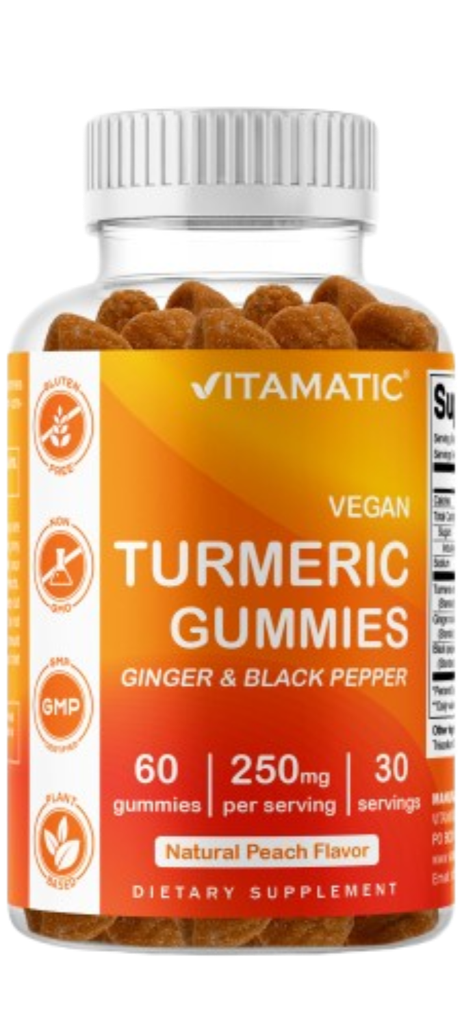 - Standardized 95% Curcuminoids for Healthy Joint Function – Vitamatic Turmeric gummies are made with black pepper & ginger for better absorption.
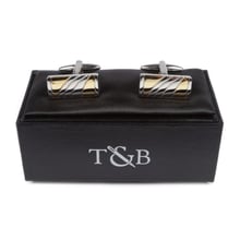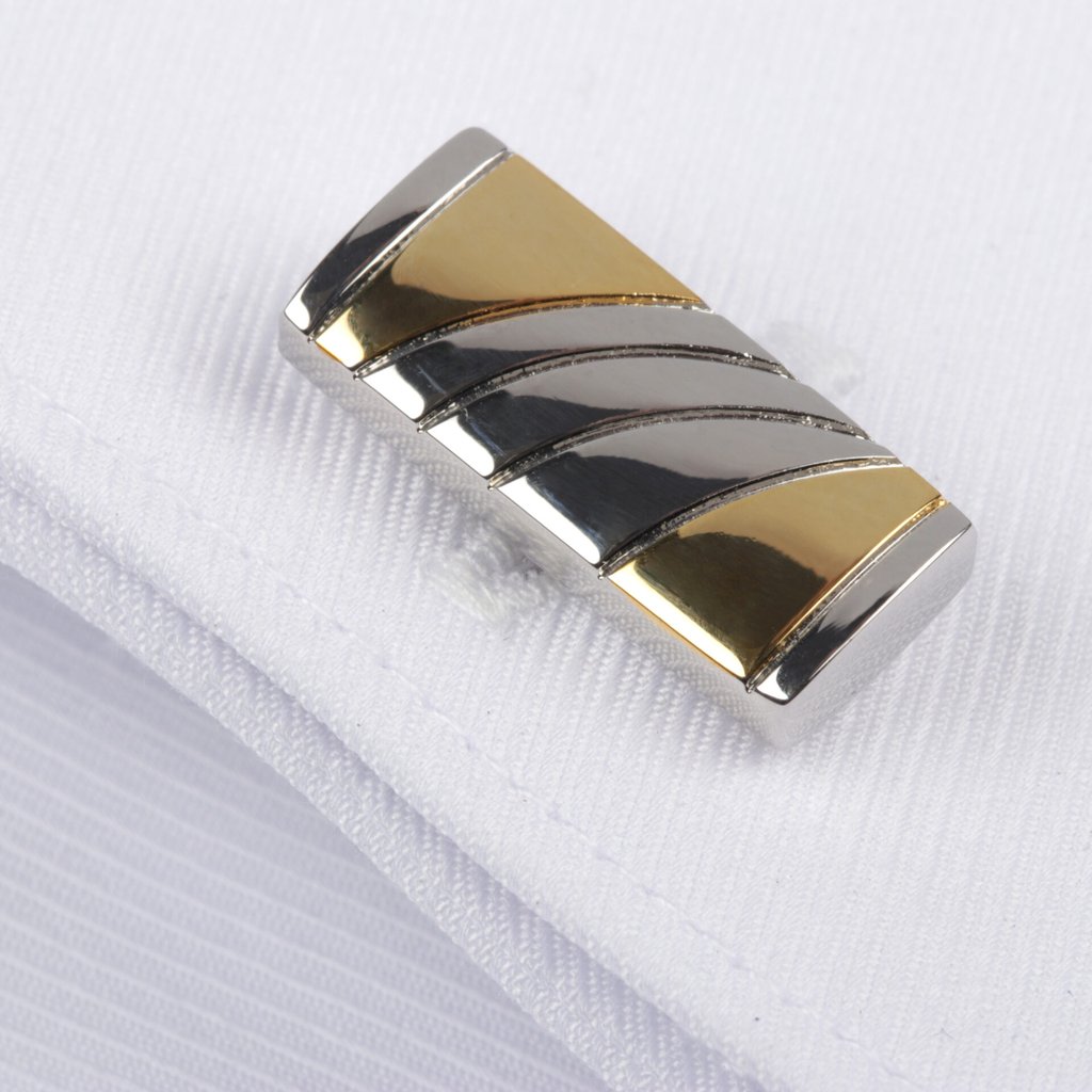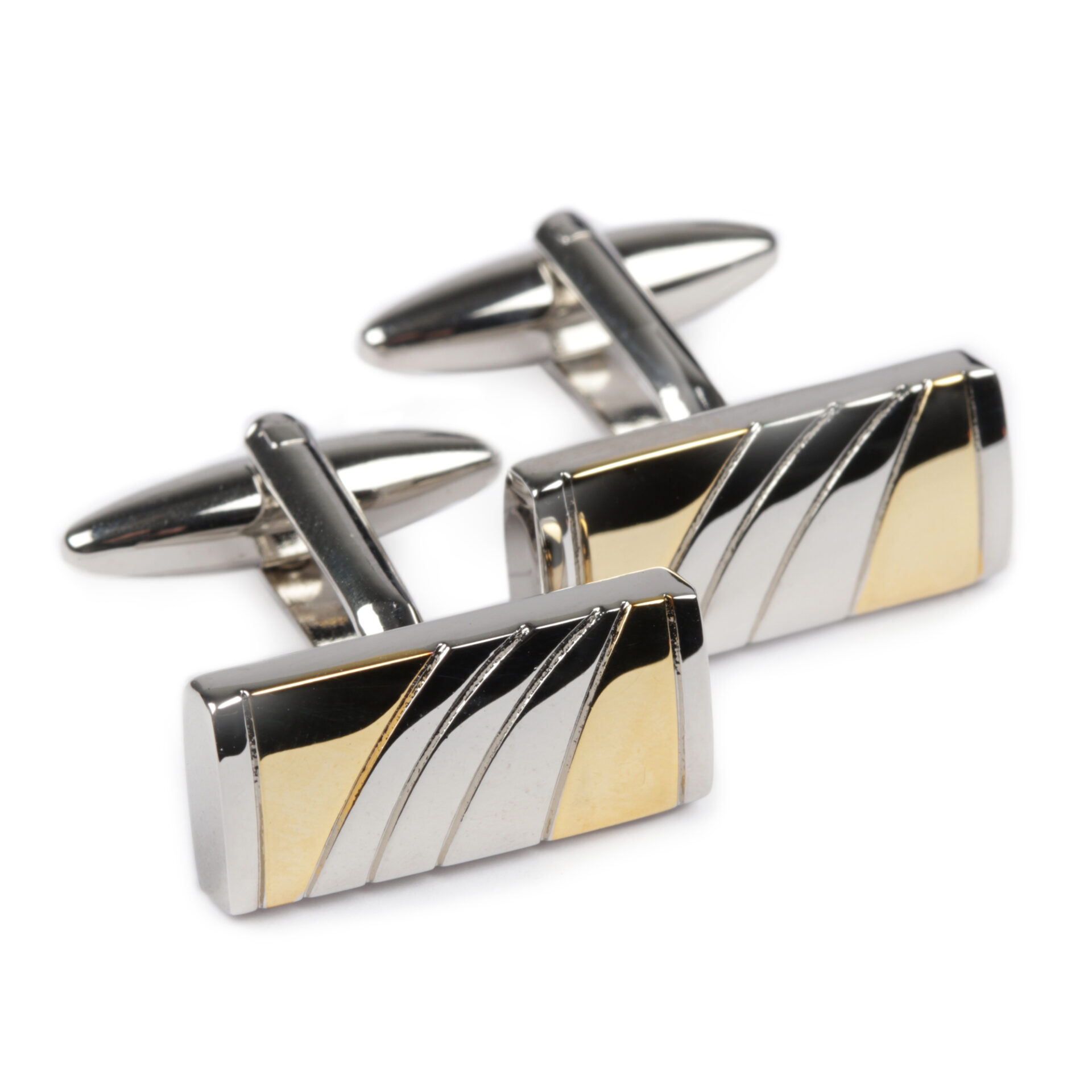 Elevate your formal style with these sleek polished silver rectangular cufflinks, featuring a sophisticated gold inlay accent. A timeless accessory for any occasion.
■ ■ ■ ■ ■
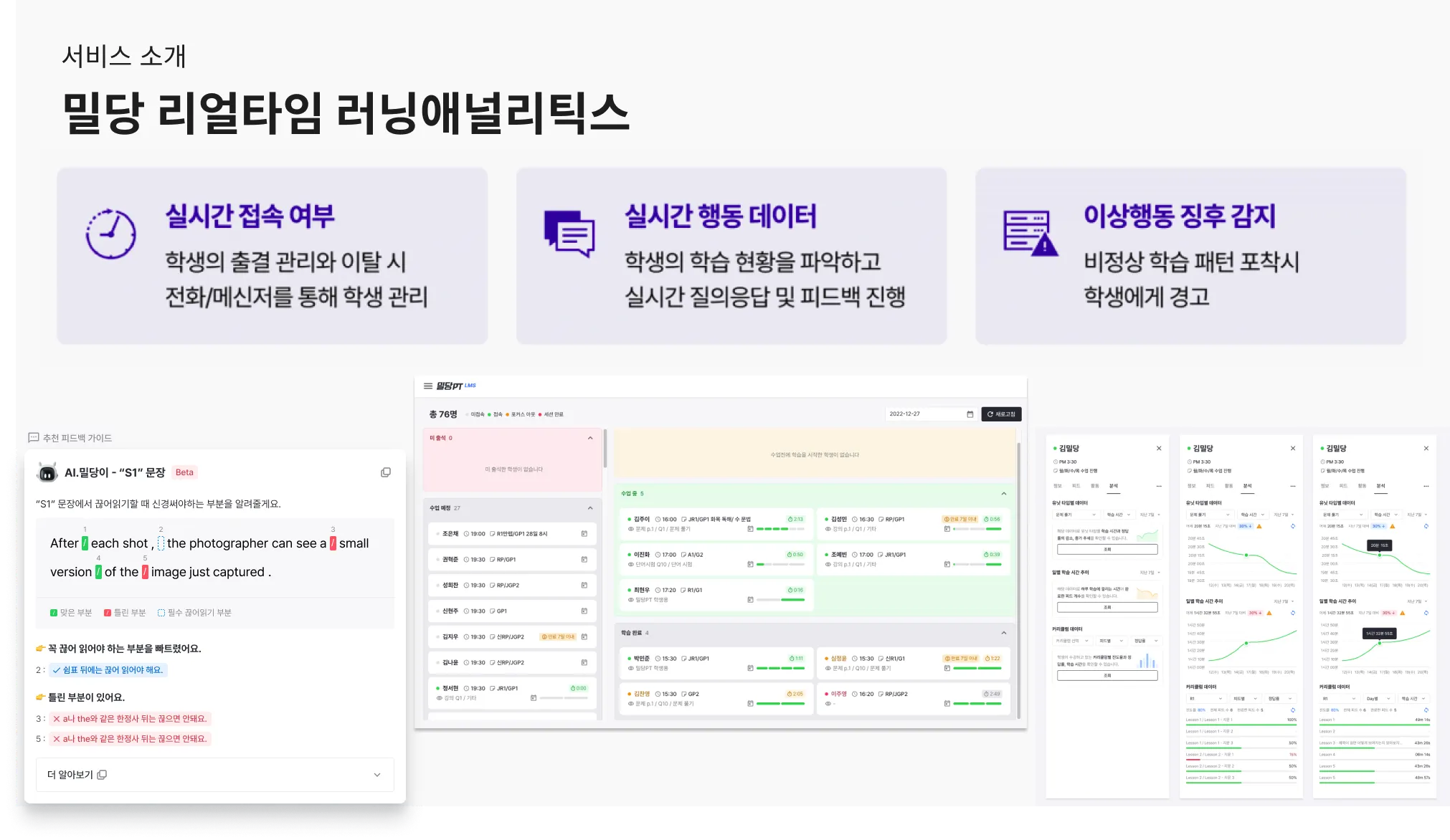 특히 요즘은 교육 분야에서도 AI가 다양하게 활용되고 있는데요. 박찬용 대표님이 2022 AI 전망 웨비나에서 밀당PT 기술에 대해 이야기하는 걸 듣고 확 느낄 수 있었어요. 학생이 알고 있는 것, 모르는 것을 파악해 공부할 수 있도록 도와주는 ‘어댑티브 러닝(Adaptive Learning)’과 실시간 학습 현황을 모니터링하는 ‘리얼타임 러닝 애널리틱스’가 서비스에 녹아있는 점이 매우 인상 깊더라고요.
■ ■ ■ ■ ■
• **Work instructions**
What are the lines in the records above, word for word, from the one containing "- Standardized 95%" through the one containing "Elevate your formal", both ends included and pictures left out?

• **Exercise result**
 - Standardized 95% Curcuminoids for Healthy Joint Function – Vitamatic Turmeric gummies are made with black pepper & ginger for better absorption.
 Elevate your formal style with these sleek polished silver rectangular cufflinks, featuring a sophisticated gold inlay accent. A timeless accessory for any occasion.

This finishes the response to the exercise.